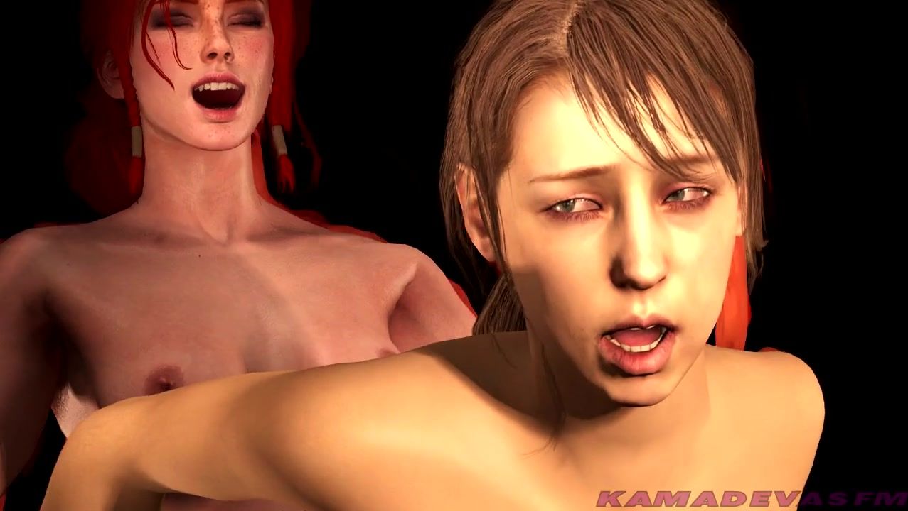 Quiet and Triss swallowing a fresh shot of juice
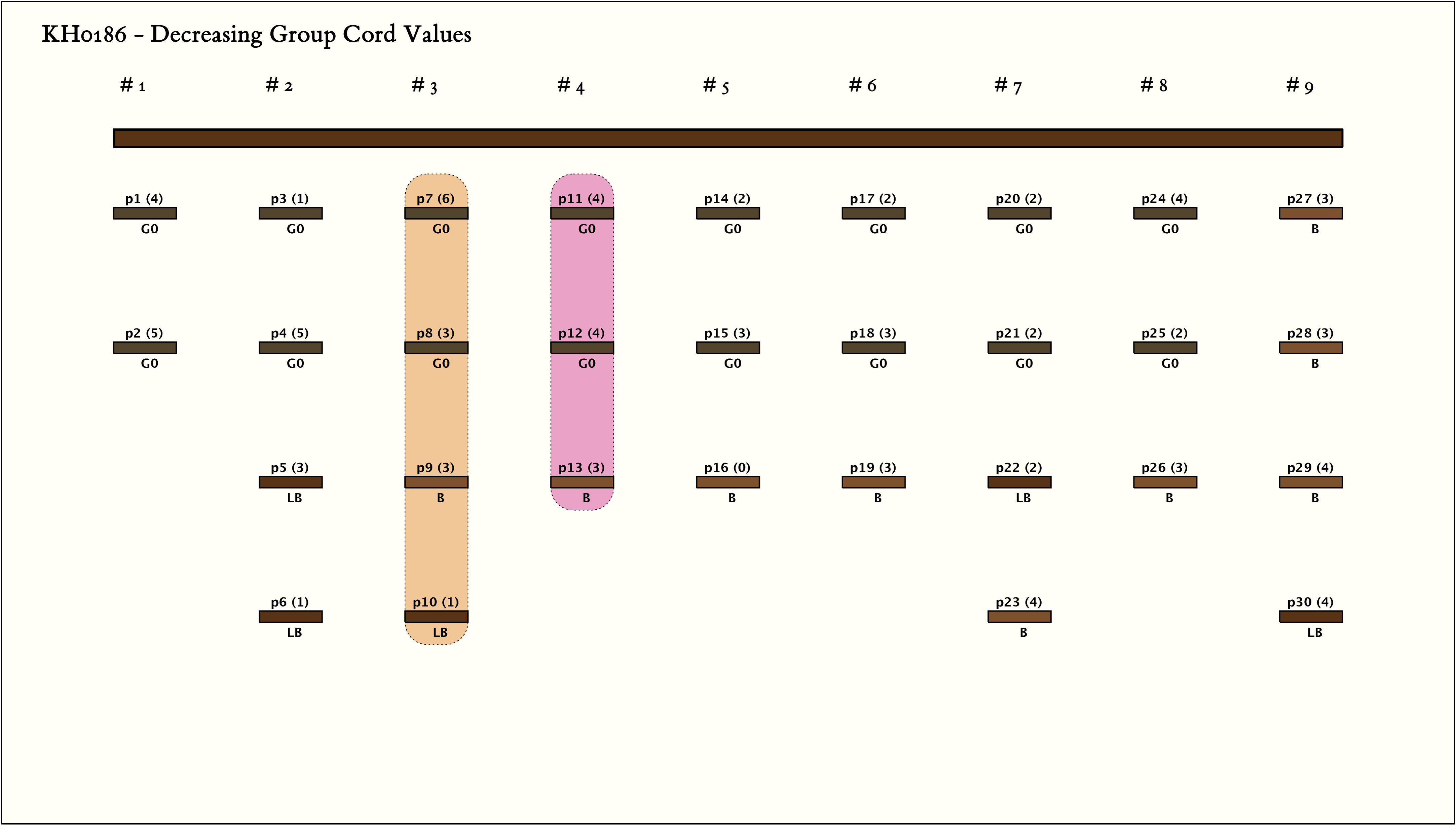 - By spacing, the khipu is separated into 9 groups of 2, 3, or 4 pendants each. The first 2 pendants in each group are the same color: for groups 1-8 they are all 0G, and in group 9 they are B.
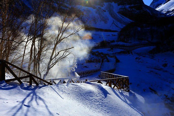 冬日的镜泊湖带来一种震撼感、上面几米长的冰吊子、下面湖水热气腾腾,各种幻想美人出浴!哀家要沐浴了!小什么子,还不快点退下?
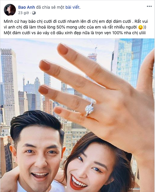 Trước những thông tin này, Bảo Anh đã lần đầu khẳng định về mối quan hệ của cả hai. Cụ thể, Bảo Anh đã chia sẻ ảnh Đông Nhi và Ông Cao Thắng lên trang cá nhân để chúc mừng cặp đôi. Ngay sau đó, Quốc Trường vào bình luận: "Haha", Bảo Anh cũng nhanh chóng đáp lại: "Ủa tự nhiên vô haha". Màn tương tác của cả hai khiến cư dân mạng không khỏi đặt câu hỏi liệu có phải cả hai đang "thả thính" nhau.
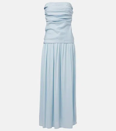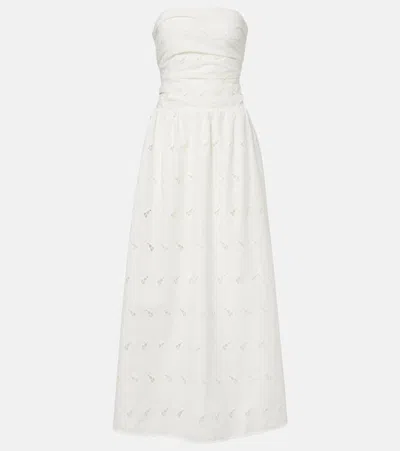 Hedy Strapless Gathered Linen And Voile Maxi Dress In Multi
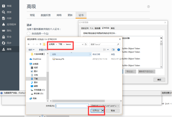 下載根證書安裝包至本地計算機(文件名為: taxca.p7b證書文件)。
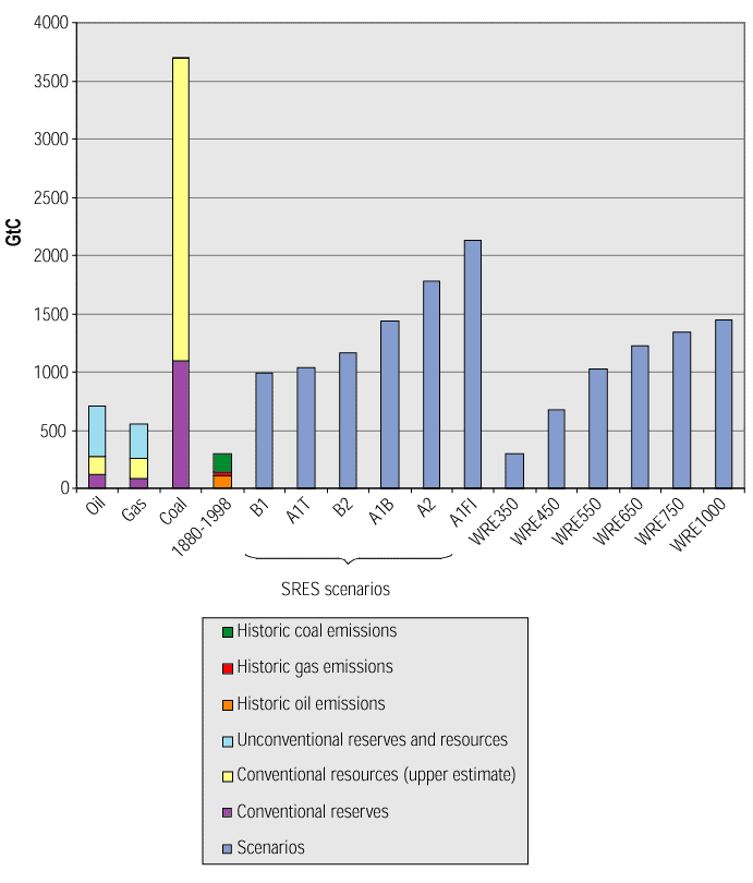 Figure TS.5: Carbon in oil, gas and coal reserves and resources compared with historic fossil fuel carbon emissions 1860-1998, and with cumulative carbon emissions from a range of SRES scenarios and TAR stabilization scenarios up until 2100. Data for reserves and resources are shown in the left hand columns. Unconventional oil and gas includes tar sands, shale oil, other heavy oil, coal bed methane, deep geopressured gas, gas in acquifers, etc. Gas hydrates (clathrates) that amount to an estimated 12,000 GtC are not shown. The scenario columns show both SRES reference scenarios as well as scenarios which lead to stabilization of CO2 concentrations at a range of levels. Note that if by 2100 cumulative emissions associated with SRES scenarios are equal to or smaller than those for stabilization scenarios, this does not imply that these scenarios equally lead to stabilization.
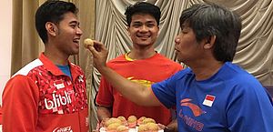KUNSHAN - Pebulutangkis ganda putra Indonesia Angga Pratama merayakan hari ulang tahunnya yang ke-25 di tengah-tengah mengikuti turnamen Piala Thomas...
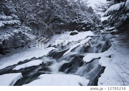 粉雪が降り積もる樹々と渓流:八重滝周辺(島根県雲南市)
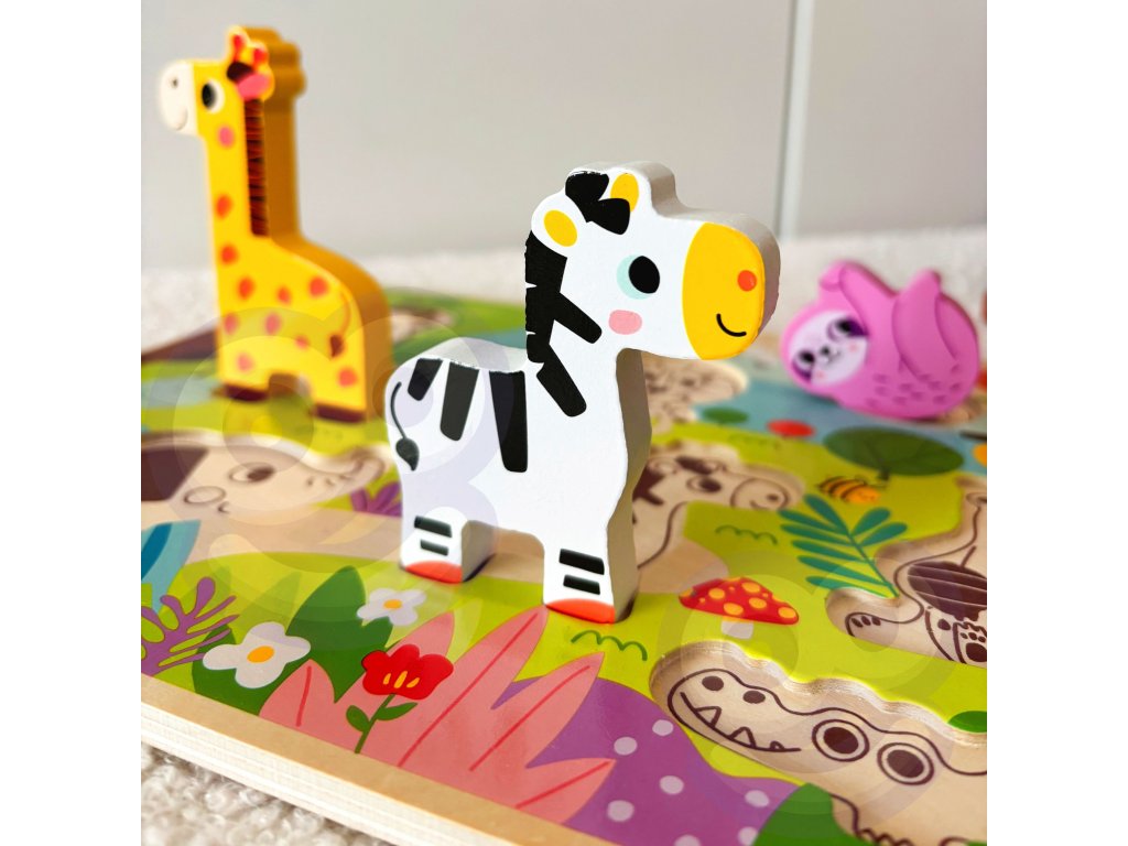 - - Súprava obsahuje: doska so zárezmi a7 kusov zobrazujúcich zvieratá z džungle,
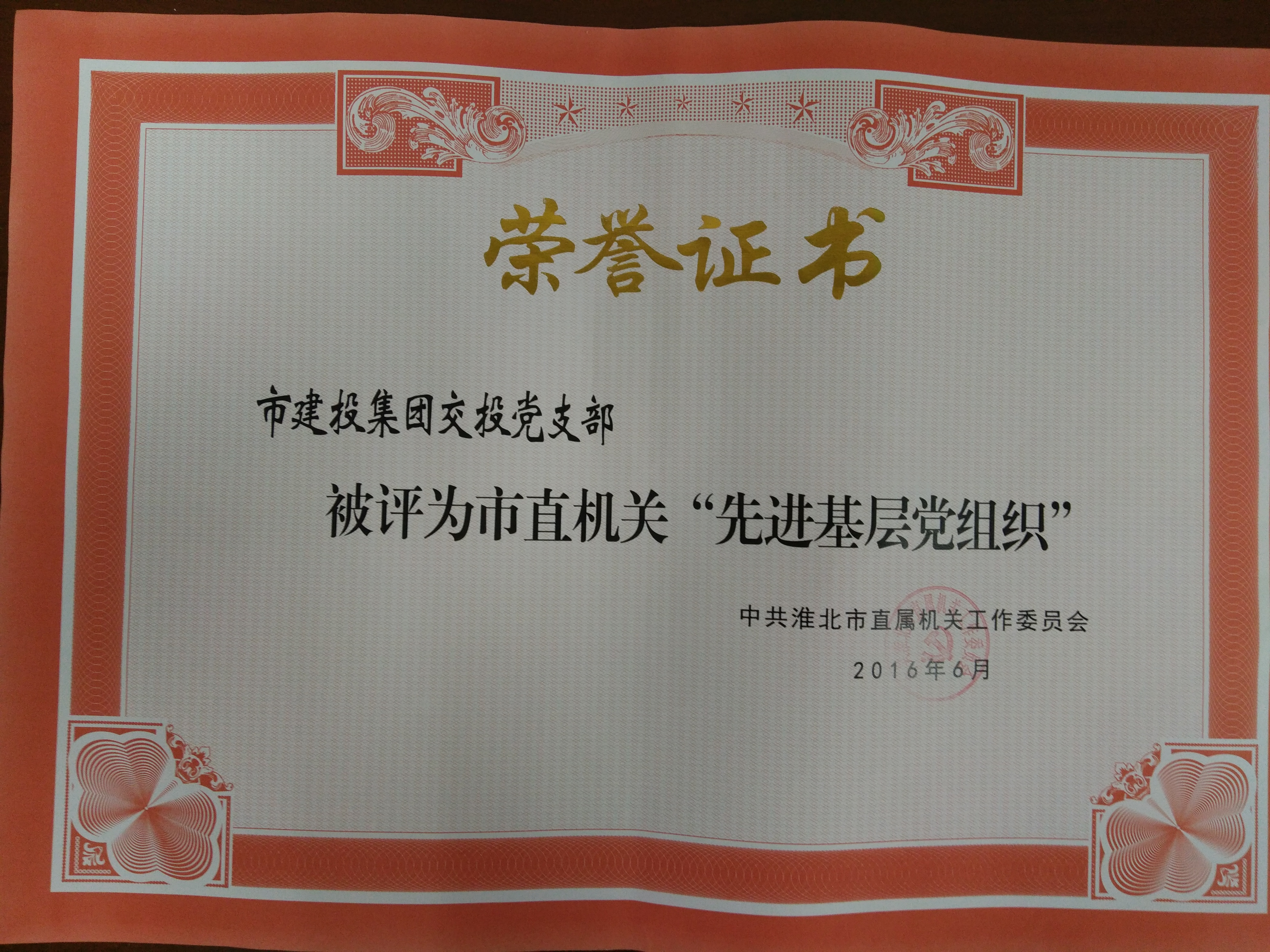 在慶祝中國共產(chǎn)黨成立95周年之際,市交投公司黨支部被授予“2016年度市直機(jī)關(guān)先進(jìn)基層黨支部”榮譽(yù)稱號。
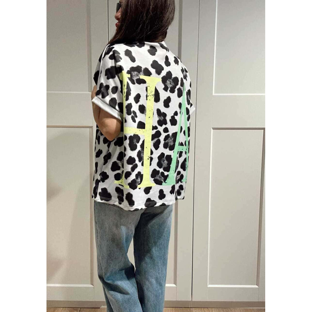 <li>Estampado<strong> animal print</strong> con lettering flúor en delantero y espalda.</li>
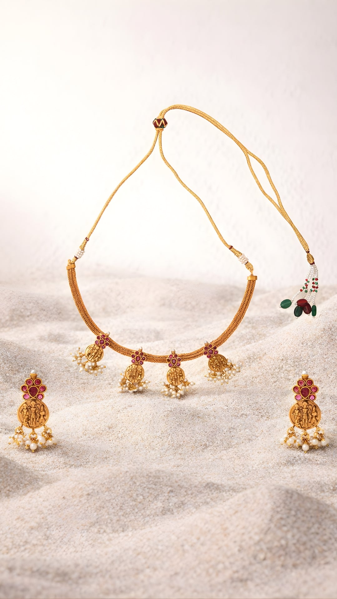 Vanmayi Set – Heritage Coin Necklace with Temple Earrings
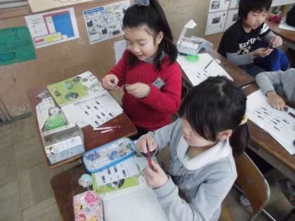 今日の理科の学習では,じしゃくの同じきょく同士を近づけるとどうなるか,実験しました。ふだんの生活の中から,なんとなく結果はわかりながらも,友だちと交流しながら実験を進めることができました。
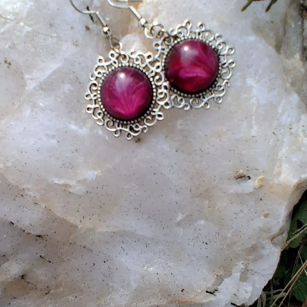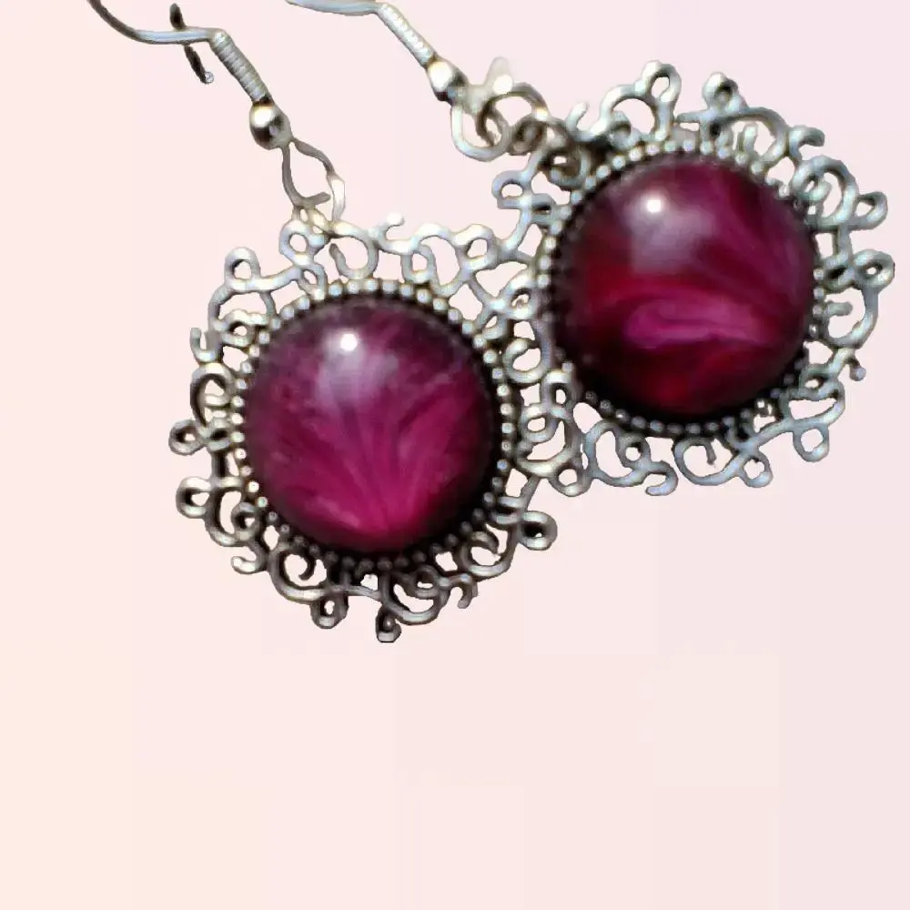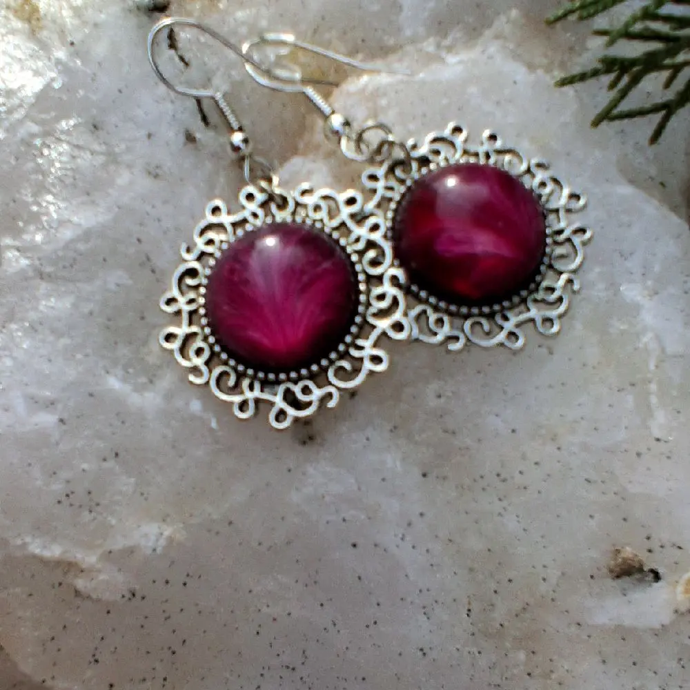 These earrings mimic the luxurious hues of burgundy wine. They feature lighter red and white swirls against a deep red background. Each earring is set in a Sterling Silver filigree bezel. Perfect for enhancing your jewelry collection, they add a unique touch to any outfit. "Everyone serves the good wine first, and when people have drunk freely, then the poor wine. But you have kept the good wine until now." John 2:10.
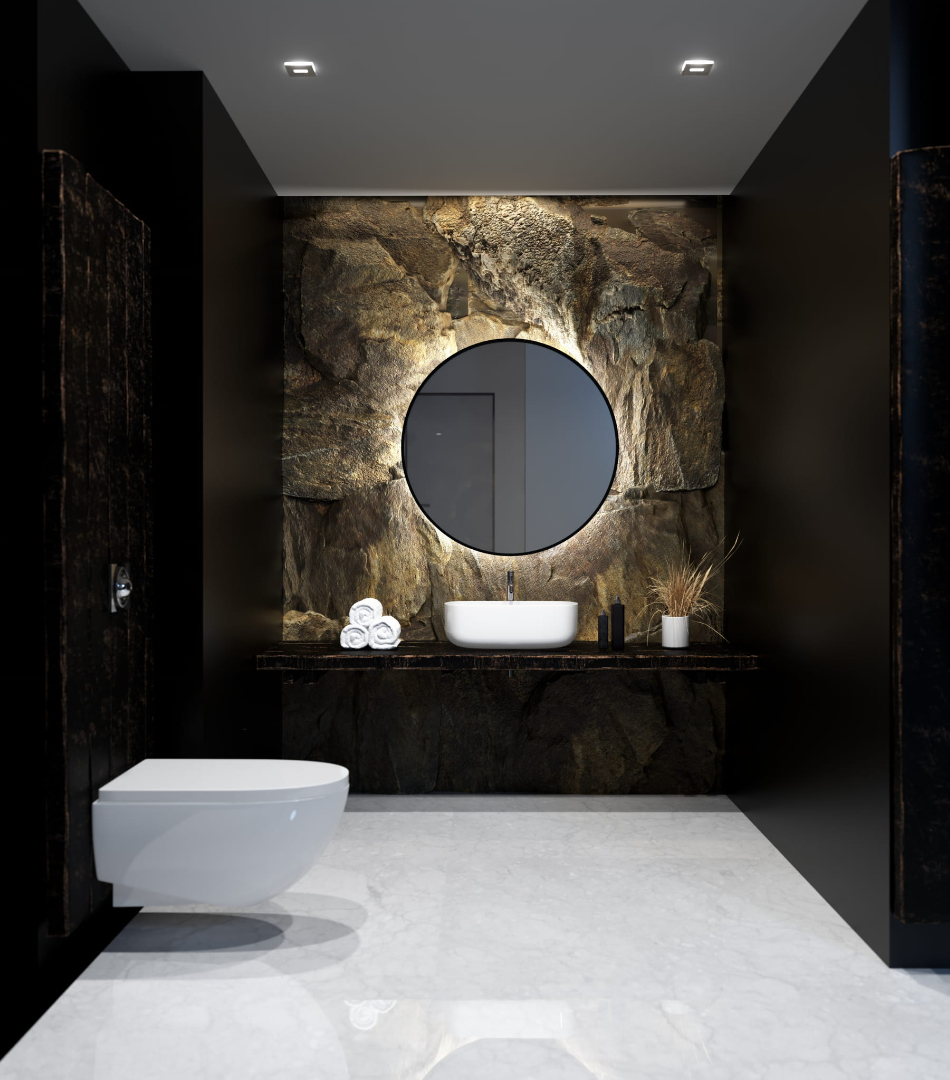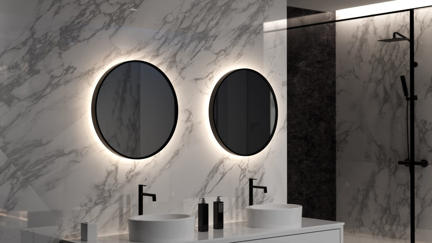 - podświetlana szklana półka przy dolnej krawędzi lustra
•••
> [What is needed] Restate the data above word for word, so that the only difference is the missing pictures.

> [Response to this task]
 Quiet and Triss swallowing a fresh shot of juice
 - By spacing, the khipu is separated into 9 groups of 2, 3, or 4 pendants each. The first 2 pendants in each group are the same color: for groups 1-8 they are all 0G, and in group 9 they are B.
 冬日的镜泊湖带来一种震撼感、上面几米长的冰吊子、下面湖水热气腾腾,各种幻想美人出浴!哀家要沐浴了!小什么子,还不快点退下?
 Trước những thông tin này, Bảo Anh đã lần đầu khẳng định về mối quan hệ của cả hai. Cụ thể, Bảo Anh đã chia sẻ ảnh Đông Nhi và Ông Cao Thắng lên trang cá nhân để chúc mừng cặp đôi. Ngay sau đó, Quốc Trường vào bình luận: "Haha", Bảo Anh cũng nhanh chóng đáp lại: "Ủa tự nhiên vô haha". Màn tương tác của cả hai khiến cư dân mạng không khỏi đặt câu hỏi liệu có phải cả hai đang "thả thính" nhau.
 Hedy Strapless Gathered Linen And Voile Maxi Dress In Multi
 下載根證書安裝包至本地計算機(文件名為: taxca.p7b證書文件)。
 Figure TS.5: Carbon in oil, gas and coal reserves and resources compared with historic fossil fuel carbon emissions 1860-1998, and with cumulative carbon emissions from a range of SRES scenarios and TAR stabilization scenarios up until 2100. Data for reserves and resources are shown in the left hand columns. Unconventional oil and gas includes tar sands, shale oil, other heavy oil, coal bed methane, deep geopressured gas, gas in acquifers, etc. Gas hydrates (clathrates) that amount to an estimated 12,000 GtC are not shown. The scenario columns show both SRES reference scenarios as well as scenarios which lead to stabilization of CO2 concentrations at a range of levels. Note that if by 2100 cumulative emissions associated with SRES scenarios are equal to or smaller than those for stabilization scenarios, this does not imply that these scenarios equally lead to stabilization.
KUNSHAN - Pebulutangkis ganda putra Indonesia Angga Pratama merayakan hari ulang tahunnya yang ke-25 di tengah-tengah mengikuti turnamen Piala Thomas...
 粉雪が降り積もる樹々と渓流:八重滝周辺(島根県雲南市)
 - - Súprava obsahuje: doska so zárezmi a7 kusov zobrazujúcich zvieratá z džungle,
 在慶祝中國共產(chǎn)黨成立95周年之際,市交投公司黨支部被授予“2016年度市直機(jī)關(guān)先進(jìn)基層黨支部”榮譽(yù)稱號。
 <li>Estampado<strong> animal print</strong> con lettering flúor en delantero y espalda.</li>
 Vanmayi Set – Heritage Coin Necklace with Temple Earrings
 今日の理科の学習では,じしゃくの同じきょく同士を近づけるとどうなるか,実験しました。ふだんの生活の中から,なんとなく結果はわかりながらも,友だちと交流しながら実験を進めることができました。
 These earrings mimic the luxurious hues of burgundy wine. They feature lighter red and white swirls against a deep red background. Each earring is set in a Sterling Silver filigree bezel. Perfect for enhancing your jewelry collection, they add a unique touch to any outfit. "Everyone serves the good wine first, and when people have drunk freely, then the poor wine. But you have kept the good wine until now." John 2:10.
 - podświetlana szklana półka przy dolnej krawędzi lustra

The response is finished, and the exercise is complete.